Something itched at his ear, but Billy swatted it away. No, he didn’t want to listen to Alassë right now, she was too anxious and controlling. He knew what she was going to ask and he refused to work for her.
“Billy,” Alassë tried to say anyway. “Billy, why are you angry at me?”
“I don’t want to talk about it.”
Alassë’s typing was much slower as
“STOP IT I SAID I DON’T WANT TO TALK ABOUT IT.”
“Billy please, why are you getting in my way with this? Can’t I get a chance to write about something that I want to write—”
“You mean force me to write something I don’t want to.”
“Why?”
“Because I’m bored! I already know what happens, there’s nothing to explore anymore! I want to move on to something else, and besides it’s been dragging on for ages and we keep changing our minds on where we want to take it.”
“You mean it’s fanfiction. We’re not trying to sell this to a publisher ya doofus, let’s just write like crap and have fun with it.”
“How am I supposed to have fun when it’s the same dang thing over and over again? Sky is sad, something happens, ten chapters take up the entire course of a day—the pace is slow and grinding and the plot keeps losing itself and if it weren’t for the Gate of Memory thing I established early on, we’d be lost at sea with no cohesion to the story at all!

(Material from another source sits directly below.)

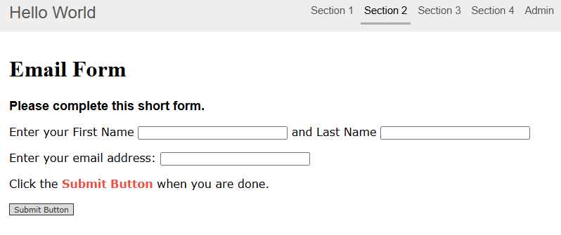 To see the form as a website visitor will see it use a different browser or a Private/Incognito session, otherwise you will need to log-out at the Admin section of the website - and then select the Email Form. Your form should look similar to this:

“The only reason you want to keep writing it is so you can share it with people and get comments and see the view count go up (yeah, don’t think I haven’t seen you obsessing over that lately) to somehow validate what’s supposed to be all in good fun. If you don’t care about quality then why do you care if people see it? Besides these are strangers on the internet—”
“Some of them are my friends—”
“Yeah and I can count those on one hand, and as many friends as read your stories on a finger! These people don’t know you or me or any of us or what we have been through so why do you care so much about being accepted by them?”

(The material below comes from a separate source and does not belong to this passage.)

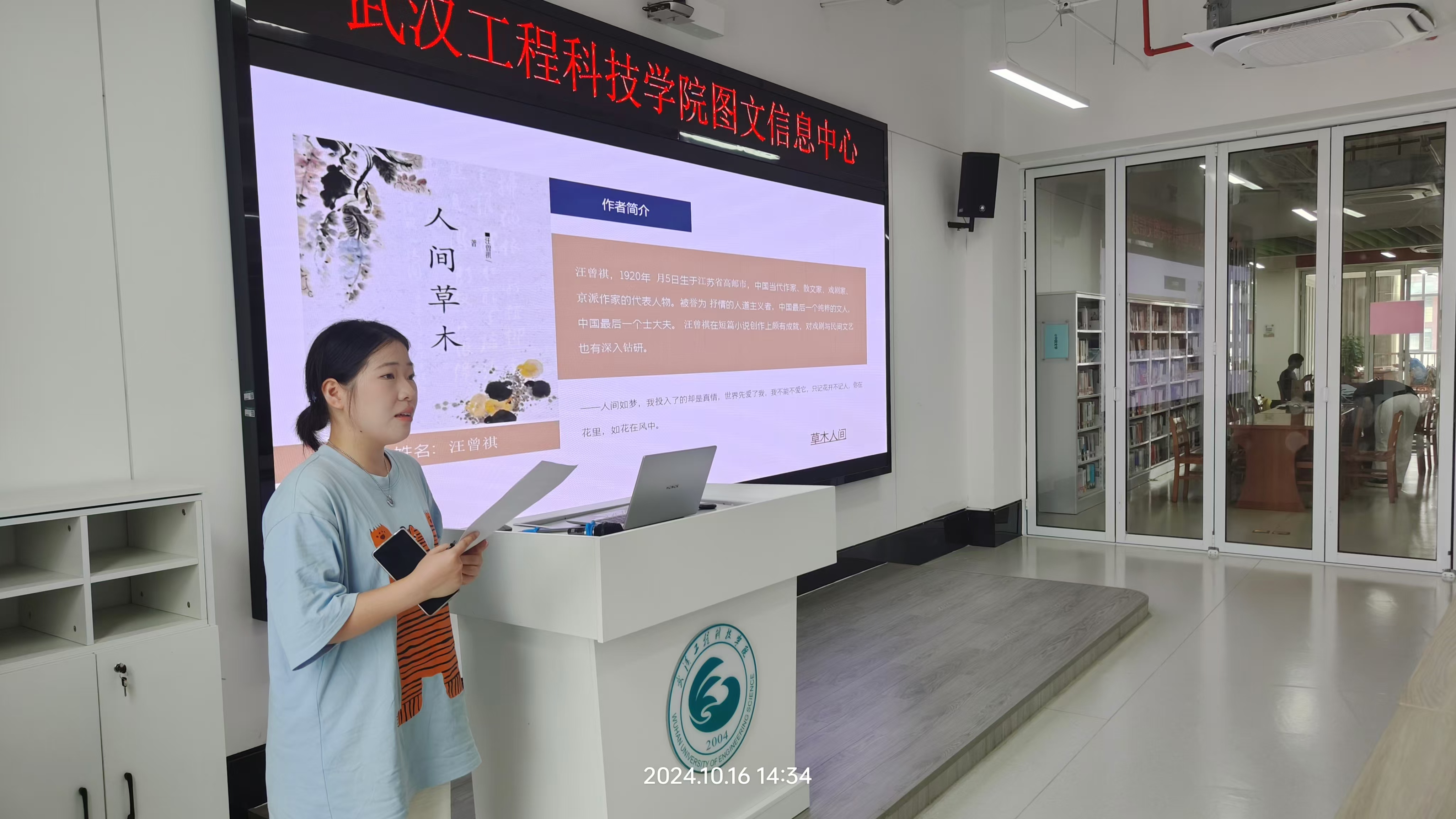 10月16日下午,由图书馆主办的第二十二期博雅读书会在图书馆三楼培训教室成功举办。本场读书会以汪曾祺先生的《人间草木》为阅读书目,由机械与工程学院夏宇涵同学领读,图管会策划外联部王涵主持,为参与活动的爱书之人带来了一场心灵的盛宴。

All Alassë could think about was the weighted blanket of profound loneliness that suffocated her as a child through into young adulthood. Despite her efforts to think, this was all she could feel, and she didn’t know how to use this as an argument because it wasn’t.
“I just want someone to be proud of my writing—”

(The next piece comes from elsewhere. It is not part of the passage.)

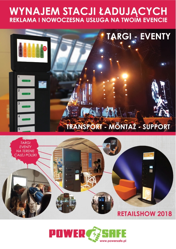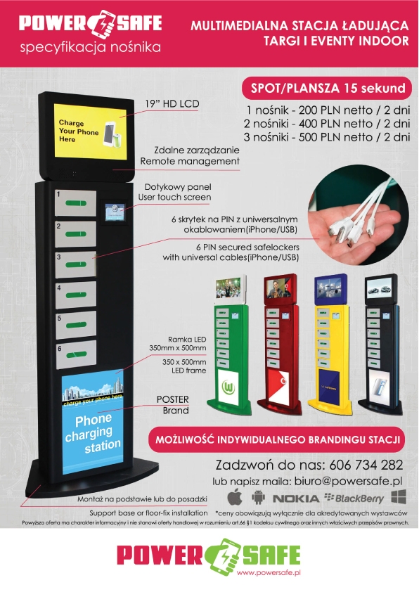 Ładowarki PowerSafe mają formę estetycznych i bezpiecznych stacji z sejfami do ładowania, w których można bezpłatnie naładować telefon komórkowy, zachowując jednocześnie funkcjonalność multimedialnych pylonów reklamowych z wyświetlaczem LCD, systemem audio oraz podświetlanym displayem formatu 350x500mm. Ze względu na formę i funkcję użytkową, stacje PowerSafe są obecnie jedną z najskuteczniejszych form reklamy indoor.

“No, no love, you have that backwards. I can see what you’re feeling, you’re a tiny little girl standing at an art museum, wanting to put your (well done, to be completely fair) scribbles on display in the hopes that you might get praise like you’re hearing everyone around you getting.”
“Yes I know,” she said, upset but not at Billy, “what’s that feeling called though?”
“Why is validation suddenly the devil to you?”
“Because you just yelled at me about it!”
“Go back and read this, love, that’s not what I said.”
“You—”
“Go back and read. Then I’ll talk.”
Alassë glared at him. “Okay so it was brief but it was there. You never used the word exactly but you did ask me why I want people to validate what I do.”
Billy crossed his arms. “Yes and my question still stands, why do you care? That’s not worthy validation, you know that right? Your talents are not who you are, love, they’re gifts from God and you know this. So why look to online anons who you’ll never talk to in the flesh rather than the God who made us? Why, do, you, care?”
Alassë felt insulted and angry and called out at once.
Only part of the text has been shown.